Asian markets rebound after global rate cuts

October 8, 2008 10:18:58 PM PDT
Asian markets bounced back Thursday after central banks around the world slashed interest rates to ease the global credit crunch, although fears of further turmoil kept investors jittery.

South Korea, Hong Kong and Taiwan lowered their interest rates, joining a series of cuts Wednesday in the U.S., Europe and China aimed at stabilizing global markets that have plunged sharply this week.

Japan's benchmark Nikkei 225 index was up 2.1 percent to 9,397, a day after it plummeted 9.4 percent in its biggest one-day drop since the 1987 market crash.

Hong Kong's Hang Seng Index jumped nearly 3 percent to 15,871 after the territory cut interest rates for a second day. And a surprise rate cut in South Korea also cheered investors, who lifted the Kospi index 1.8 percent.

Mainland China's main index was up 0.6 percent after its central bank lowered rates Wednesday evening.

China's move came as six other central banks, including the U.S. Federal Reserve and European Central Bank, joined to lower rates to contain the spreading financial crisis. Japan's central bank, constrained by already-low rates, said it backed the moves.

"Investors bought back shares as sentiment slightly improved on measures including coordinated rate cuts," said Kazuhiro Takahashi, general manager at Daiwa Securities SMBC Co. Ltd. in Tokyo.

Investor reaction in Asia to the string of moves was more positive than in the U.S. and Europe, where an initial perk in markets soon dissipated amid severe stresses in lending markets and worries about a global recession.

On Wall Street, the Dow Jones industrial average ended a volatile session down 2 percent -- disappointing, but a milder decline than in previous days. U.S. stock index futures were up less than a percent, suggesting trading would open higher in New York.

European markets fell sharply Wednesday, with Britain's FTSE 100 sliding more than 5 percent.

Wavering investors in the U.S. were gripped by anxiety again after comments Wednesday afternoon by U.S. Treasury Secretary Henry Paulson that it would be several weeks before the government's $700 billion financial rescue package makes its first purchases of banks' troubled mortgage-backed assets.

Joining the worldwide efforts to ease the crisis, Taiwan's Central Bank reduced its key interest rate for the second time in two weeks.

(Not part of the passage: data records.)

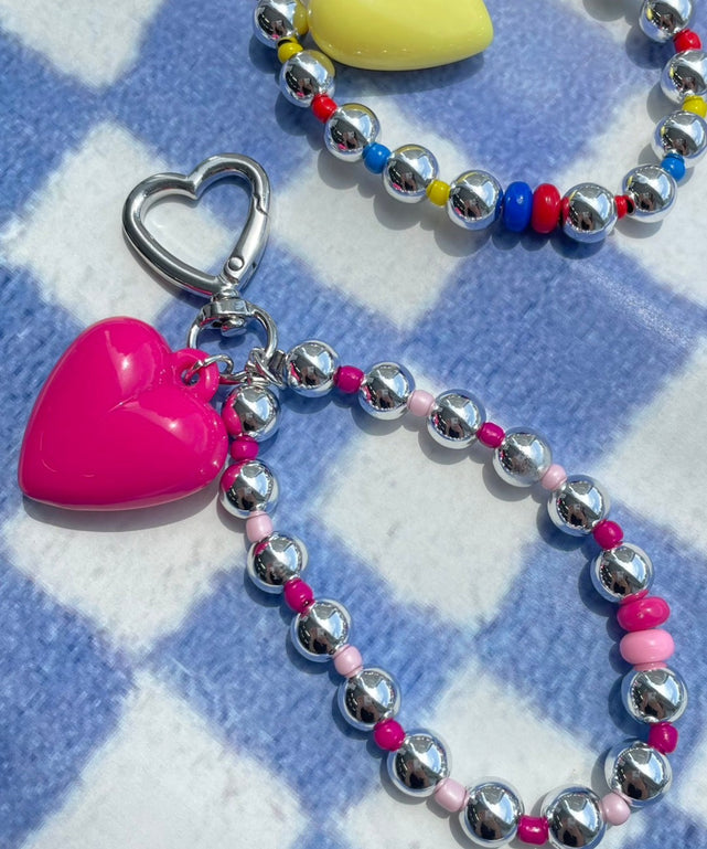 ハートメタルビーズキーホルダー/ピンク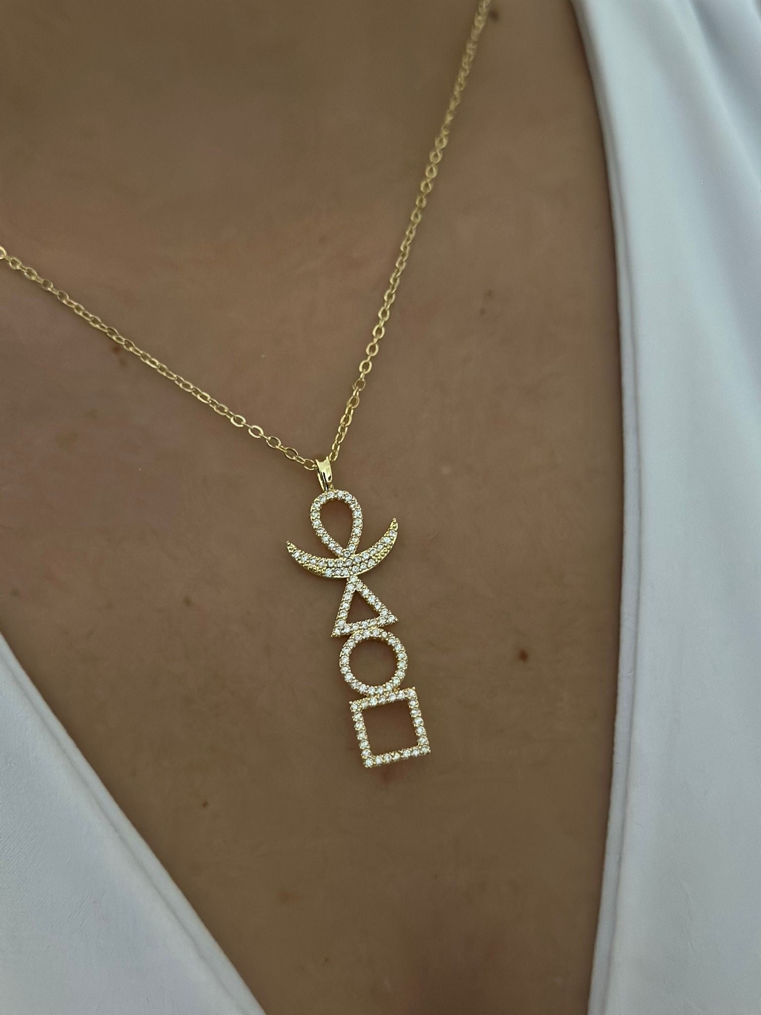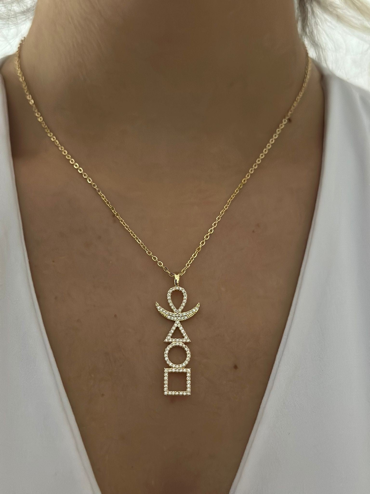 Geometrik Zirkon Taş Detay Premium Kolye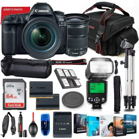 Continuing on in their legacy of powerful workhorse cameras Canon has released the EOS 5D Mark IV DSLR which is an outstanding still photography option and a capable 4K-capable video machine. This multimedia maven offers a newly developed 30.4MP full-frame CMOS sensor paired with the DIGIC 6+ image processor to balance fine detail and resolution with low-light performance and sensitivity. It can work within a native range of ISO 100-32000 expandable to an impressive ISO 50-102400 for sharp low-noise images in various conditions. Along with these improvements to image quality users will enjoy a performance boost with an enhanced AF system built-in Wi-Fi NFC and GPS among other features. This Custom Canon DSLR Bundle Includes: Canon Items & Accessories: Canon EOS 5D Mark IV DSLR Camera Canon EF 24-105mm f/3.5-5.6 IS STM Lens Canon LP-E6 Battery Canon LC-E6 Charger Canon Neck Strap Eye Cup Body Cap Lens Caps Sandisk 64GB High-Speed SDXC Memory Card Movavi Photo-Video-Manager-Focus-Denoise 5-Software Package (Digital Download) Shoulder Carrying Case with Extra Padding Camera Standard Tripod with Case TTL Flash - Automatic - Multi Mode - High Speed High-Quality Battery Grip (Replaces BG-E20) Extra Replacement Battery (Replaces LP-E6) Memory Card Reader USB 2.0 Camera Hand Grip Strap Lens Pen & Blower Microfiber Cloth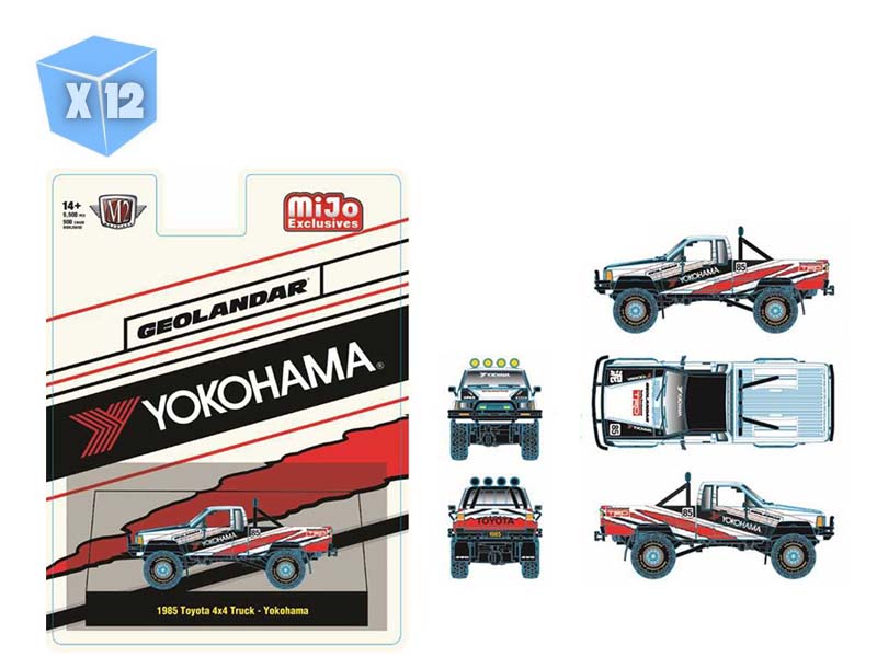 PRE-ORDER - 12 PACK 1985 Toyota 4×4 Off-Road Pickup Yokohama Geolandar – White Diecast 1:64 Scale Model - M2 Machines 31500-MJS101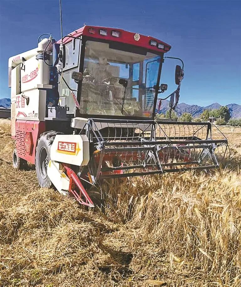 图为日喀则市桑珠孜区东嘎乡色定村农业发展专业合作社的联合收割机在为村民收割青稞。本报记者 马晓艳 摄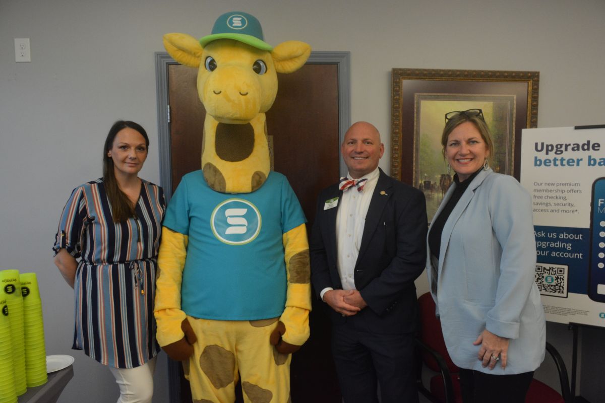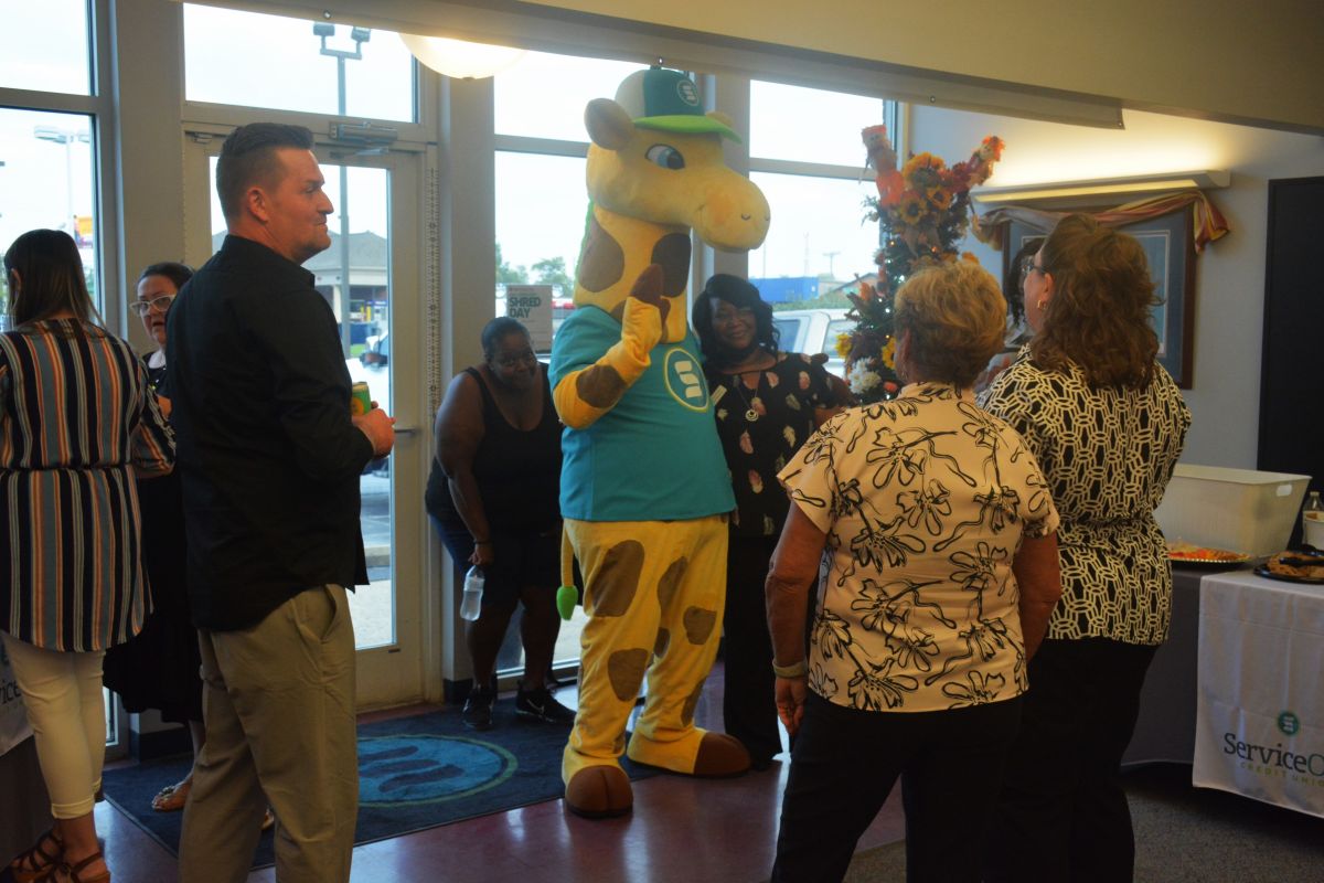 ServiceOne Mascot Jefferson and guests at the Christian County Chamber of Commerce Business After Hours hosted by ServiceOne Credit Union on, Sep. 7, 2023. (Lee Erwin)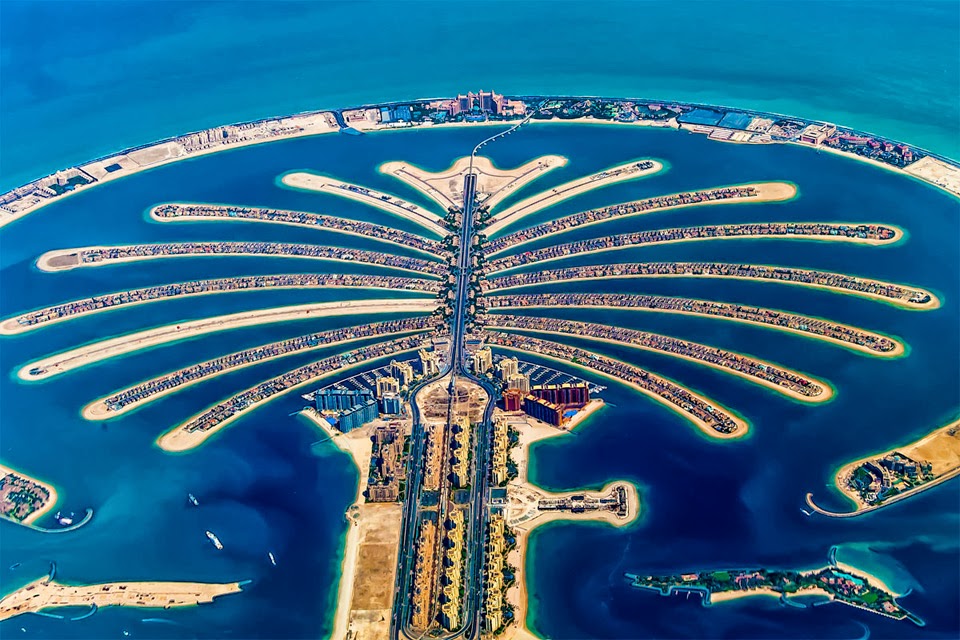 Přesto vznikla na světě celá řada umělých ostrovů – mezi nejznámější patří bezesporu ostrovy ve tvaru palmy (Palm islands – Palmové ostrovy) nacházející se u Dubaje. Tyto ostrovy byly budovány za jediným cílem, přitáhnout do Dubaje více turistů a zvýšit kapacitu pláží a hotelů. Díky umělým ostrovům se tak délka pláží prodloužila o stovky kilometrů a na každém z ostrovů měly být vybudovány nové luxusní hotely. Výstavba Palmových ostrovů začala v roce 2001 a první ostrov byl hotov již v roce 2005 (Palm Jumeirah). Mezi nejznámější stavby na tomto ostrově je hotel Atlantis.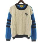 グッチ GUCCI アディダス adidas ケーブルニット セーター 長袖 ウール ロゴ刺繍 プルオーバー 727434 XKCRG S 青 ブルー 白 ホワイト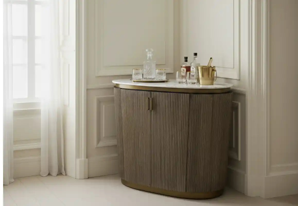 The Aston Oval Bar is an elegant piece of furniture, designed with a sophisticated blend of materials and textures. It features a rich brown wood finish with a ribbed surface that adds depth and character to its oval-shaped body. The top of the bar is adorned with a luxurious marble surface, providing a sleek and polished look that contrasts beautifully with the warm wood tones. The bar is accentuated with antique brass detailing, including handles and a base trim, which add a touch of vintage charm and sophistication. This bar is not only functional but also serves as a stylish statement piece in any room.
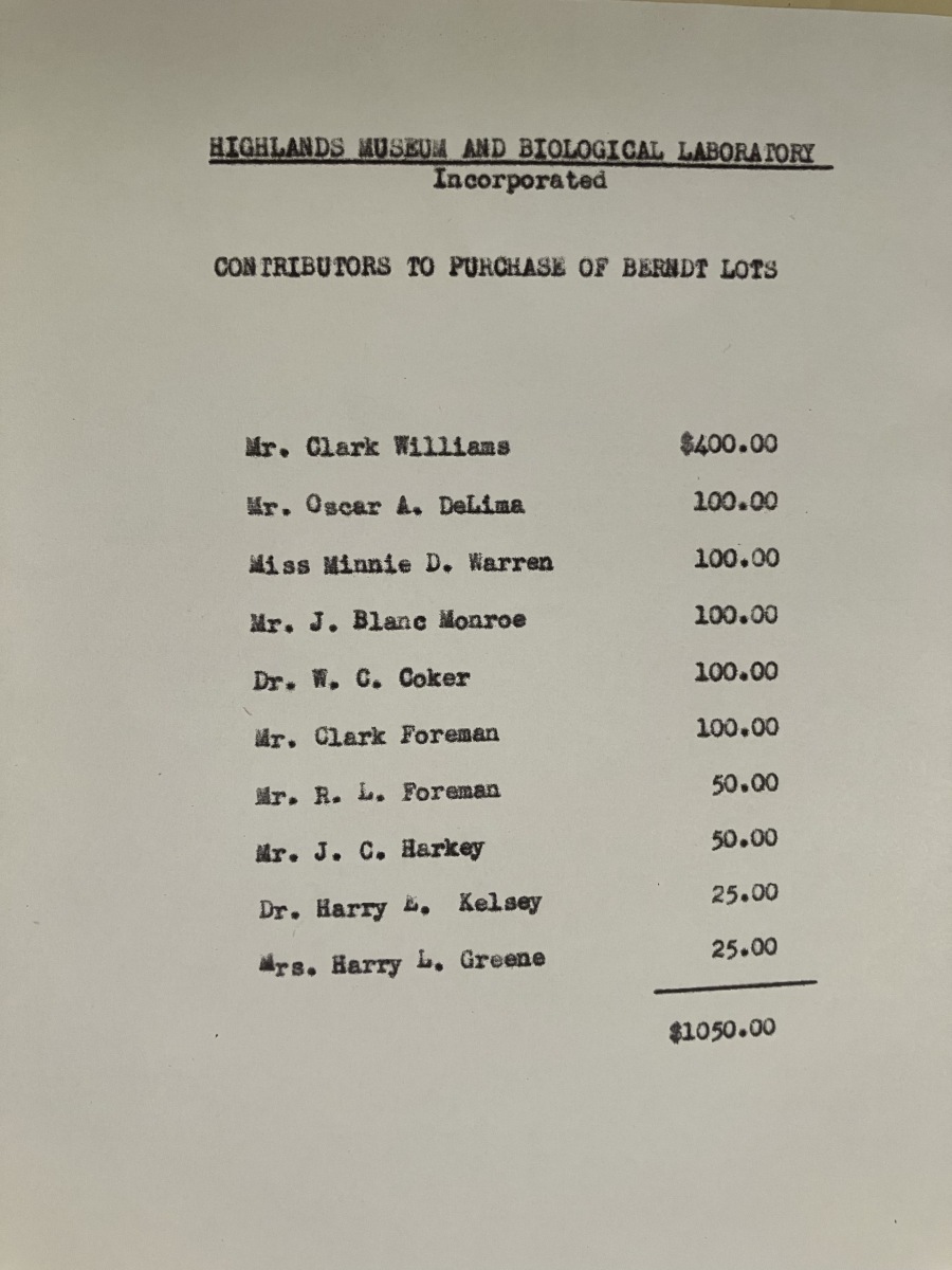 Originally conveyed from T. Peden Anderson and Pearl H. Anderson, these lots were transferred on September 1, 1925, to Julius E. E. Berndt and Susie M. Berndt. On December 15, 1936, the properties were acquired by Highlands Biological Station for $1,000.

"Our economy has come under pressure for a slowdown," Governor Perng Fai-nan said. "We hope the rate cut can stimulate consumption to spur economic growth."

South Korea lowered its key rate by a quarter point to 5 percent, lifting the benchmark Korea Composite Stock Price Index 2.5 percent to 1,319.25 at midday after sinking 5.8 percent Wednesday.

In Indonesia, trading on the Jakarta Stock Exchange was canceled Thursday after the benchmark JSX index sank 10.4 percent Wednesday before trading was suspended by late morning. Authorities ordered the market to stay closed, possibly through Friday, following a late night Cabinet meeting.